Using CUBLAS and CUDA Calling a custom kernel among blas calls

Hello,

I have a fairly straightforward application for CUDA BLAS, except for one thing; I need to do a piecewise hyperbolic tangent operation on a vector. This should be a trivial kernel to write (I’ve already written it), but integrating this kernel into my code has shown to be problematic.

Here’s where I am so far:

-I put the kernel code in a .cu file, within my project.

-I downloaded the custom build rule for CUDA, and made sure that MSVC associates that rule with the .cu file (it compiles without any problems).

-I added the following lines to my code:

#include <cutil.h>

global void tanhGPU(int size, float *vec); //forward declaration

Since I’m calling cublasInit(), I’m assuming that I don’t need to call CUT_DEVICE_INIT(). I can’t call it anyway, since the compiler complains about all sorts of stuff inside that macro.

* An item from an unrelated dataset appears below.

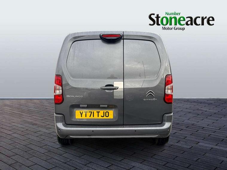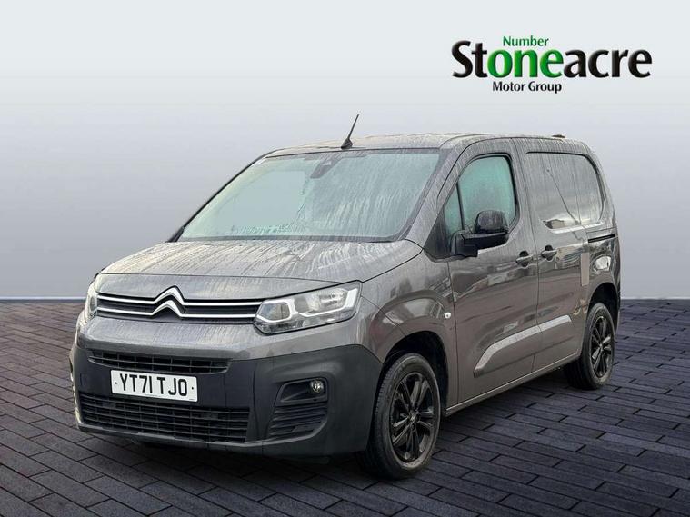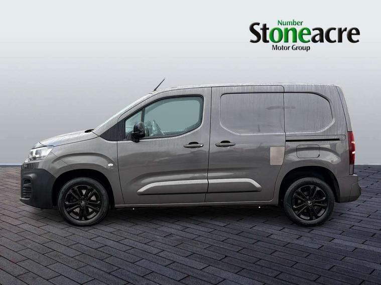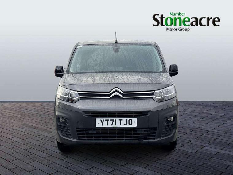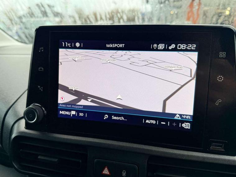 Citroen connect box with emergency and assistance system, Citroen connect navigation with 8" colour touchscreen, DAB radio, bluetooth with handsfree, USB socket and Aux-in jack, Cruise control with programmable speed limiter, Electric power assisted steering with height and reach adjustable steering wheel, Lockable fuel cap, Multi-function trip computer, Rev counter with maintenance and gear efficiency indicators (GEI), Surround Rear Vision - Front and rear parking sensors with passenger side and rear camera providing tri-function visibility via 5" screen, Tyre pressure monitor, Apple Carplay/Android Auto, 180 degree opening unglazed asymmetric rear doors, Acoustic laminated windscreen with sound insulating front windows, Additional acoustic insulation providing benchmark cabin refinement, Electric front windows with one touch operation, Electrically adjustable door mirrors, Electrically folding door mirrors with temperature sensor, Front fog lights, High level third brake light, Nearside side sliding door, Visible VIN at windscreen base, 12 volt socket in dashboard, 6 floor mounted load securing rings, 6 way adjustable driver seat with lumbar support and under seat storage, Comfort driver's seat, Cup holders for driver and passenger on either side of the dashboard, Curitiba cloth upholstery, Extenso modular fold front passenger 2 seat bench - pivot writing table, storage under central seat, load through hatch bulkhead, load protect cover, Front door pockets with 1.5L bottle holder, Hard plastic floor protection in cabin, Multi function steering wheel, Overhead storage shelf in cabin, Topbox storage compartment, Look pack with body coloured door mirrors - Berlingo, Visibility pack with Magic wash - Berlingo, Automatic activation of hazard warning lights on major deceleration, Door opening warning and audible lights on warning, Driver seatbelt unfastened warning, Driver's airbag, Dashboard mounted central locking push button and auto locking above 7mph, Perimetric and volumetric thatcham category 1 approved alarm with tilt sensor, Remote central locking with deadlocking, selective cab and load area locking via 3 button plip remote control key, Thatcham approved rolling code transponder immobiliser, Automatic electronic parking brake, Electronic Stability Control and ABS with hill start assist, EBA and EBFD, 16" Starlit alloy wheels, Full size steel spare wheel,

Even if I leave it out, I still get the following error:

error C2059: syntax error : ‘<’

…Referencing the call to:

tanhGPU<<1, 32>>(32, test_D);

Any ideas as to what I’m doing wrong?

Thanks!

I don’t know anything about compiling CUDA on WinXP, but the syntax for kernel calls uses triple angle brackets around the grid, block dimensions:

tanhGPU<<<1,32>>>(32, test_D);

My mistake. I’m posting and developing on different machines, so I have to transcribe. My problem code has triple brackets.